(Records from a dataset)
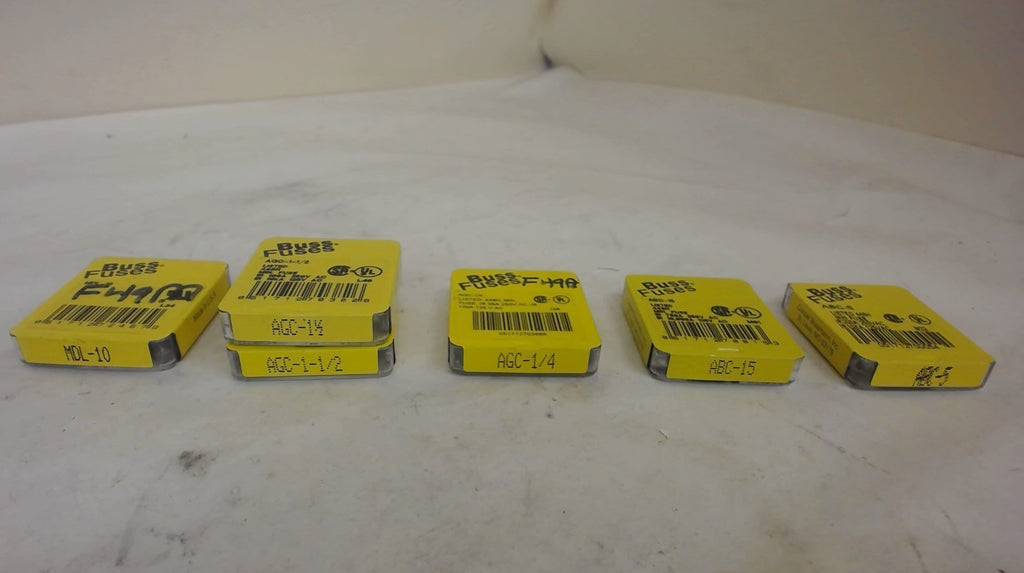 LOT OF 27 BUSSMANN FUSES, INCLUDES: MDL-10, AGC-1/2, AGC-1/4, ABC-15, & ABC-5
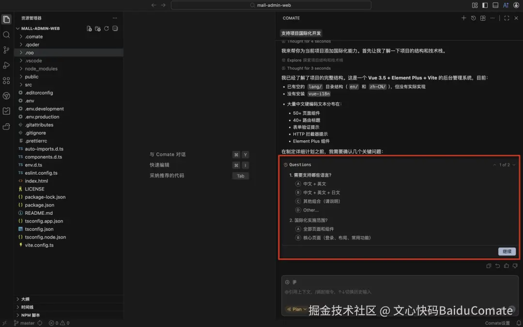在处理复杂需求时,模糊的Prompt往往导致AI生成偏差。Comate全新Plan模式引入了"启发式澄清"机制------Plan模式全面升级,新增执行前先分析输入需求的完整程度,并主动向你提问澄清需求;充分对齐目标后,自动规划任务步骤并生成执行计划,审阅计划后再交付AI执行,生成结果更加符合预期。
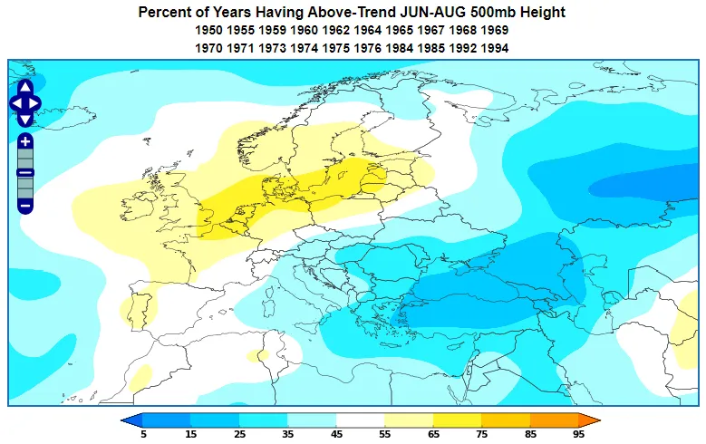 The positive EA-WR usually brings a dry summer to much of Central and Northern Europe. Parts of Southern Europe can be wetter than normal, particularly over Southern Iberia (Figure 8).
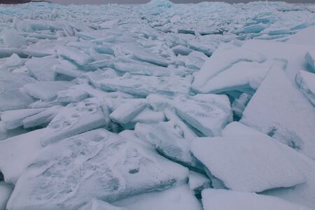 Melting ice floes on the lake. abstract nature background. Baikal lake, Siberia, Russia. beautiful spring landscape
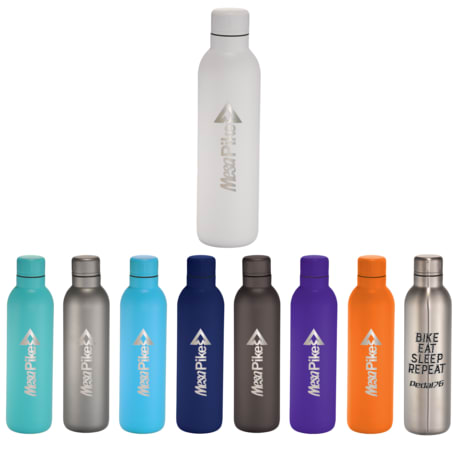 Durable, double-wall stainless steel vacuum construction with copper insulation, which allows your beverage to stay cold for 48 hours and hot for at least 12 hours. The construction also prevents condensation on the outside of the bottle. Features on-trend, durable powder coating. Stainless steel, screw-on, spill resistant lid. Bottle opening diameter: 1.02”(25.9mm). Fits most standard car cup holders. 17oz.
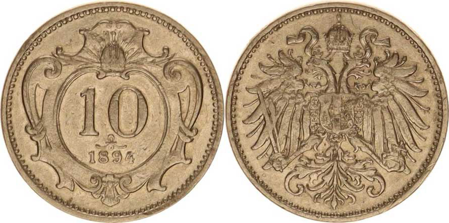 František Josef I.(1848-1918), 10 hal. 1894 b.zn.
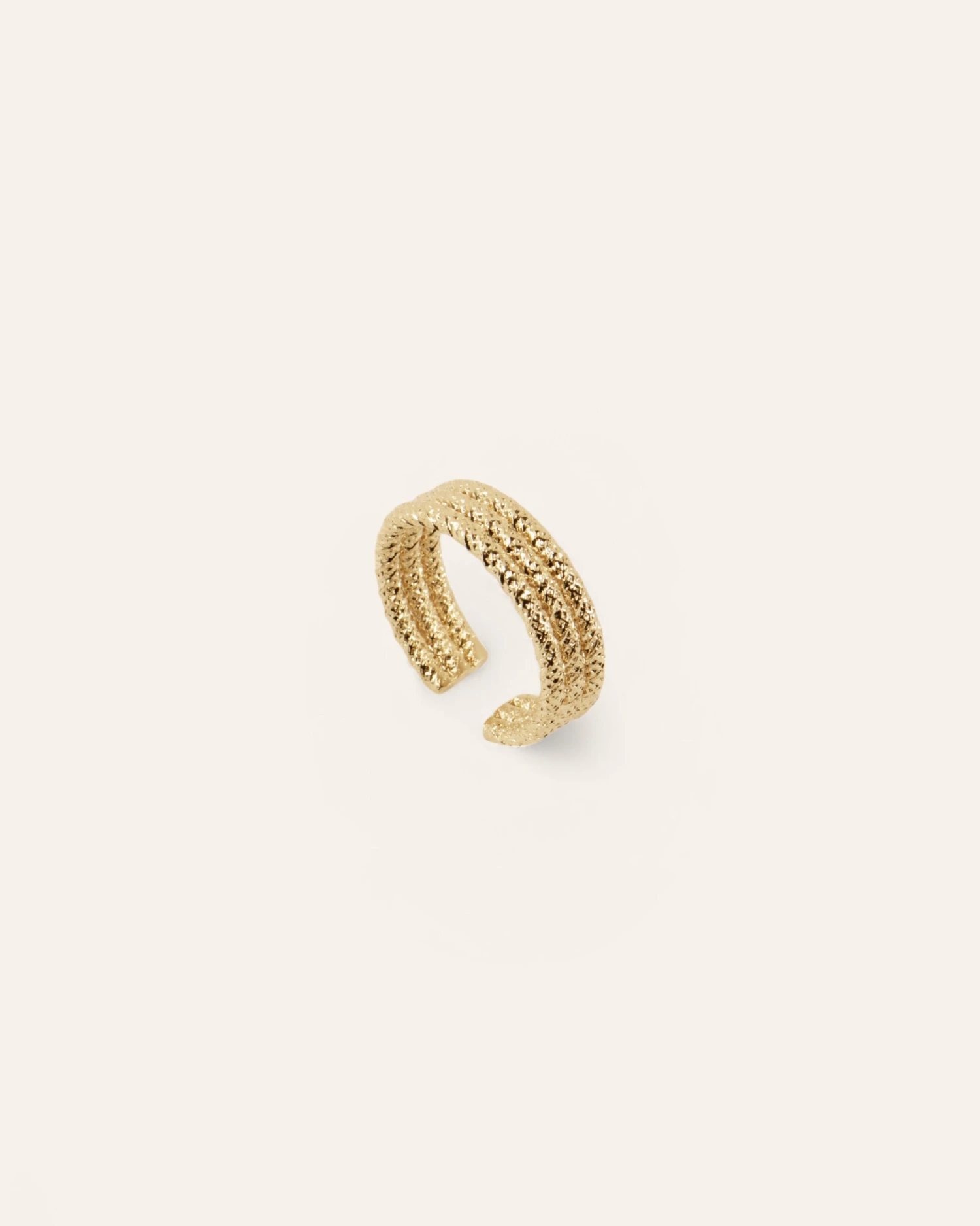 Bague large texturĂ©e en plaquĂ© or. Accumulable avec d’autres bagues de nos collections

» **Your goal**: Exactly as they appear, please return only the lines from the first line of the records through the line containing "在处理复杂需求时,模糊的Pr", both included, leaving out all pictures.

» **Solution**:
 LOT OF 27 BUSSMANN FUSES, INCLUDES: MDL-10, AGC-1/2, AGC-1/4, ABC-15, & ABC-5
在处理复杂需求时,模糊的Prompt往往导致AI生成偏差。Comate全新Plan模式引入了"启发式澄清"机制------Plan模式全面升级,新增执行前先分析输入需求的完整程度,并主动向你提问澄清需求;充分对齐目标后,自动规划任务步骤并生成执行计划,审阅计划后再交付AI执行,生成结果更加符合预期。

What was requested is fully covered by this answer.